■ **INSTRUCTIONS TO FOLLOW**:
Reproduce every entry that follows word for word, but omit the images.
───── RECORDED INFORMATION
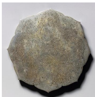
線刻仏諸尊鏡像 平安・12世紀 国宝

ここでは、東アジアに広く受容された鏡を中心として、日本を含む周辺地域の青銅器も取り上げつつ、青銅文化の展開を見ていきます。
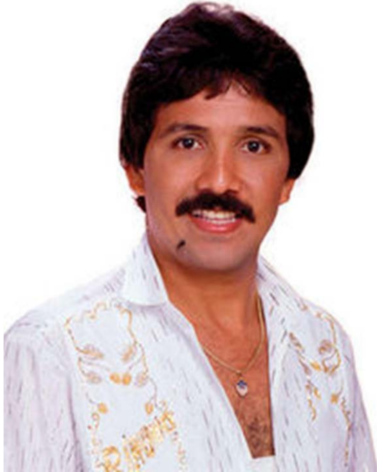
Rafael Orozco, el cantante que revolucionó el vallenato cumple 30 años de fallecimiento este 11 de junio.

cuerdos a su memoria y anotó: "En esos días se llevaba a cabo una feria en esa población del sur del Cesar, y estando en la parranda se apareció Rafael Orozco, un muchacho delgado y cabellón. El me dijo que me ayudaba a cantar. Acepté y de salida quedé sorprendido con su voz. Me gustó el estilo, su afinación, su brillo y que tenía unas caídas bien suaves y llamativas".
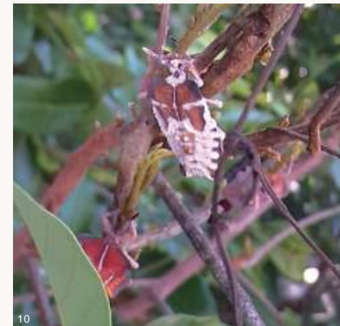
圖10~11. 108年梅雨季前後，大量荔枝椿象若蟲及成蟲感染蟲生真菌而死亡僵直掛在樹上，蟲體內白色黴菌從觸角、足、胸腹部等節間或氣孔、臭腺開孔長出。

寒流，荔枝及龍眼開花量豐，龍眼蜜產量足，但荔枝椿象族群密度也較高。相對的，108年首兩月平均日溫超過16°C為暖冬，無寒流，致使荔枝、龍眼開花結果少而歉收，龍眼蜜也幾乎無收，又加上108年梅雨季前後雨量充沛，若蟲及成蟲個體感染蟲生真菌死亡情形增加，使得該(108)年度荔枝椿象族群數量亦受到衝擊而大幅減少，與107年4~12月同期龍眼樹上荔枝椿象成蟲族群數量具明顯差異。
──────────
■ **FINISHED EXERCISE**:
線刻仏諸尊鏡像 平安・12世紀 国宝

ここでは、東アジアに広く受容された鏡を中心として、日本を含む周辺地域の青銅器も取り上げつつ、青銅文化の展開を見ていきます。
Rafael Orozco, el cantante que revolucionó el vallenato cumple 30 años de fallecimiento este 11 de junio.

cuerdos a su memoria y anotó: "En esos días se llevaba a cabo una feria en esa población del sur del Cesar, y estando en la parranda se apareció Rafael Orozco, un muchacho delgado y cabellón. El me dijo que me ayudaba a cantar. Acepté y de salida quedé sorprendido con su voz. Me gustó el estilo, su afinación, su brillo y que tenía unas caídas bien suaves y llamativas".
圖10~11. 108年梅雨季前後，大量荔枝椿象若蟲及成蟲感染蟲生真菌而死亡僵直掛在樹上，蟲體內白色黴菌從觸角、足、胸腹部等節間或氣孔、臭腺開孔長出。

寒流，荔枝及龍眼開花量豐，龍眼蜜產量足，但荔枝椿象族群密度也較高。相對的，108年首兩月平均日溫超過16°C為暖冬，無寒流，致使荔枝、龍眼開花結果少而歉收，龍眼蜜也幾乎無收，又加上108年梅雨季前後雨量充沛，若蟲及成蟲個體感染蟲生真菌死亡情形增加，使得該(108)年度荔枝椿象族群數量亦受到衝擊而大幅減少，與107年4~12月同期龍眼樹上荔枝椿象成蟲族群數量具明顯差異。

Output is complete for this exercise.